START PROVIDED DATA

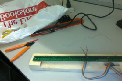 Step 3: As said previously when you got your ruler wood frame lead the wires through the hole then I was able to start soldering.
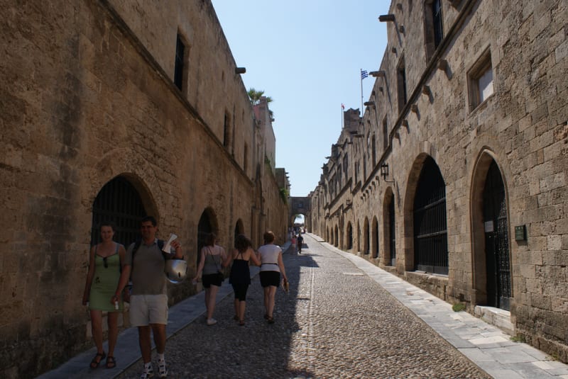 Vstupte do míst, kde ještě dnes vyzařuje aura vznešenosti a úcty, byť tu nyní najdete mnoho moderních kanceláří. Ulice rytířů je jediná plně zachovaná obytná ulice pocházející z 16. století v Evropě. I dnes tu lze spatřit budovy ve stylu pozdní gotiky. Dříve tu stávaly rezidence jednotlivých řádů, které se dělily dle jazykové a etnické příslušnosti do sedmi skupin, označovaných jako „jazyky“. Mohli jste tu tak najít rezidenci anglickou, německou, francouzskou, italskou, provensálskou, aragonskou, auvergneskou a každá skupina chránila určitou část hradeb. Řády johanitů tu sídlili do té doby, než byly Turky donuceny odejít na Maltu. Zřejmě nejvíce vás upoutá Rezidence Francouzů, která je nejzdobnější a také nejvíce nápadná.
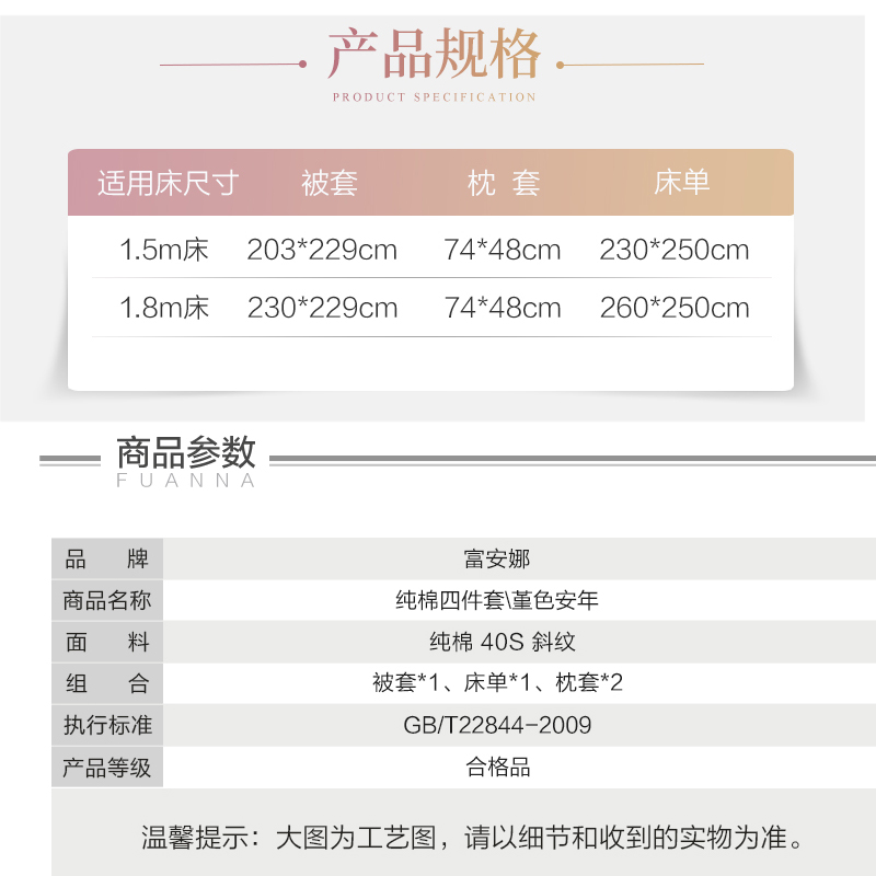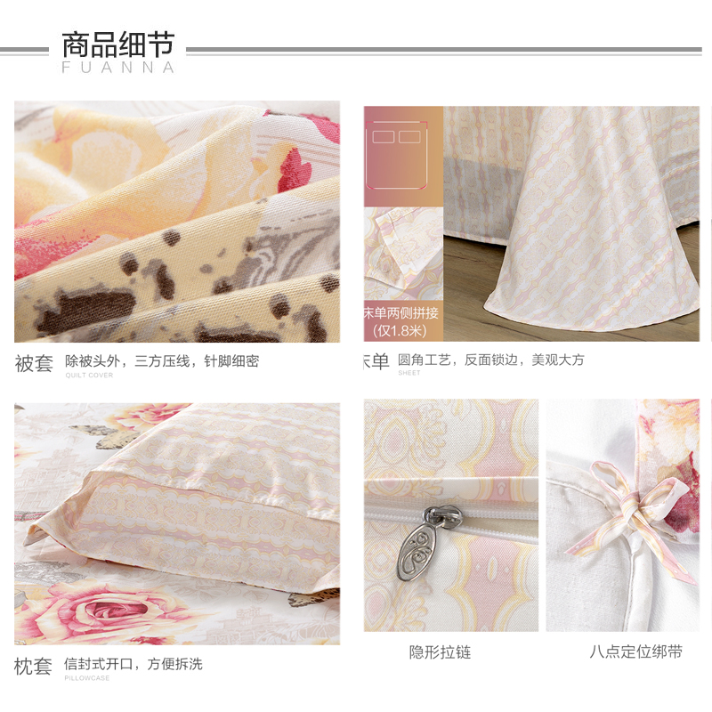 堇色安年 床单四件套(被套1件床单1件枕套2件)(适合1.5米床)【纯棉/粉】 |

END PROVIDED DATA

# THE TASK:
Retype the material above exactly, images excluded.

# TASK RESULT:
 Step 3: As said previously when you got your ruler wood frame lead the wires through the hole then I was able to start soldering.
 Vstupte do míst, kde ještě dnes vyzařuje aura vznešenosti a úcty, byť tu nyní najdete mnoho moderních kanceláří. Ulice rytířů je jediná plně zachovaná obytná ulice pocházející z 16. století v Evropě. I dnes tu lze spatřit budovy ve stylu pozdní gotiky. Dříve tu stávaly rezidence jednotlivých řádů, které se dělily dle jazykové a etnické příslušnosti do sedmi skupin, označovaných jako „jazyky“. Mohli jste tu tak najít rezidenci anglickou, německou, francouzskou, italskou, provensálskou, aragonskou, auvergneskou a každá skupina chránila určitou část hradeb. Řády johanitů tu sídlili do té doby, než byly Turky donuceny odejít na Maltu. Zřejmě nejvíce vás upoutá Rezidence Francouzů, která je nejzdobnější a také nejvíce nápadná.
 堇色安年 床单四件套(被套1件床单1件枕套2件)(适合1.5米床)【纯棉/粉】 |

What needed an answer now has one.